To some extent, we do already study these things, we simply haven't elevated some studies to the status of equal disciplines yet. By failing to properly acknowledge these subjects, however, we run the risk of trying to find underlying order where there is none, by looking in the wrong place to find meaningful answers to our questions. We could fail to see what reality means, though the answers have been before us all along, if we don't both coordinate the understanding from different disciplines, and allow for more innovative theory to be explored. Combining results from high-energy physics experiments with astro-physical observations, and comparison with the predictions of various competing theories, is only a start. Synthesis is necessary! The belief that all it takes is an insightful theory of Quantum Gravity, or Inflationary Cosmology, to pin down our knowledge of what is real, may be too simplistic to allow our inquiries to reveal what we wish to know. All manner of new information is coming to light, however, and a lot of it is somewhat iconoclastic, so it seems unlikely that conventional theory will do for much longer.

So what will it take, to come up with definitive answers? Perhaps, to some extent, what is required is seminal ideas from unlikely sources. We should acknowledge the importance of contributions to Science from people who are not attached to the institutions, and organizations, which establish the norms, in Science. Albert Einstein was not a part of the scientific establishment, at the time he propounded his most notable works, and this is highly significant. He was free to think his own thoughts, and we should be too! We tend to believe that the founding fathers (and mothers), of the Sciences, were conventional thinkers. They were not! At least not some of them. Many of those who made significant contributions to our knowledge broke the mold, during their lives.
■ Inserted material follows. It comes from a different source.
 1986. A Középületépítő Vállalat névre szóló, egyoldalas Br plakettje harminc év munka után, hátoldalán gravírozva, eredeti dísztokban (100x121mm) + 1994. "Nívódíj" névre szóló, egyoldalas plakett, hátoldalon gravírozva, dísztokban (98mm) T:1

Even Isaac Newton, whose published work is now viewed as the very model of conventionality, was an iconoclast in his time. Newton wrote several times as many volumes on Alchemy, and other esoteric studies having little to do with conventional Science, than the sum total of his published work. Lawrence M. Krauss, author of one of the feature articles in Scientific American, also wrote "Beyond Star Trek", where he comments on the level of Science in Science Fiction, in the movies, and on television. It can certainly spark the imagination, to see what is depicted on the screen, or even to read it in a book, but doing some things is another matter. We set a very high standard for our scientists and technologists to live up to indeed, by using fiction as a yardstick. Maybe we need esoteric studies even more today, than Newton did.
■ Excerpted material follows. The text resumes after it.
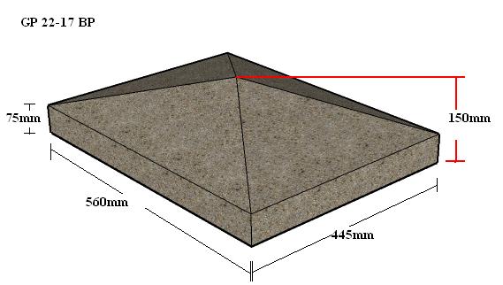 Gp 22A-pyr 560 x 560mm and is suitable for piers up to 550 x 550mm as the extended moulding to the side detail acts as the weather drip.

If we expect scientists to be inspired in their quest for the answers, or even to find the right answers, we are better off encouraging them to pursue innovative and alternative research, rather than studying only what appears to be justified by conventional theory. Sometimes, alternative approaches are the only way to find the truth! We should encourage people in Science to pursue the source of inspiration itself too, whether the arts and music, dreams and visions, meditation and prayer, perhaps a Science Fiction book, a walk in the woods, or love and friendships are what inspires their flights of fancy. Science is an art that requires a lot of inspiration, as well as profound understanding, and hard work, to do it well. There is a potential for boredom, for many scientists, due to the precision required, and the repetitive nature of some tasks. Nonetheless, many important discoveries have been made by assistants who recognized a significant, but unexpected, result.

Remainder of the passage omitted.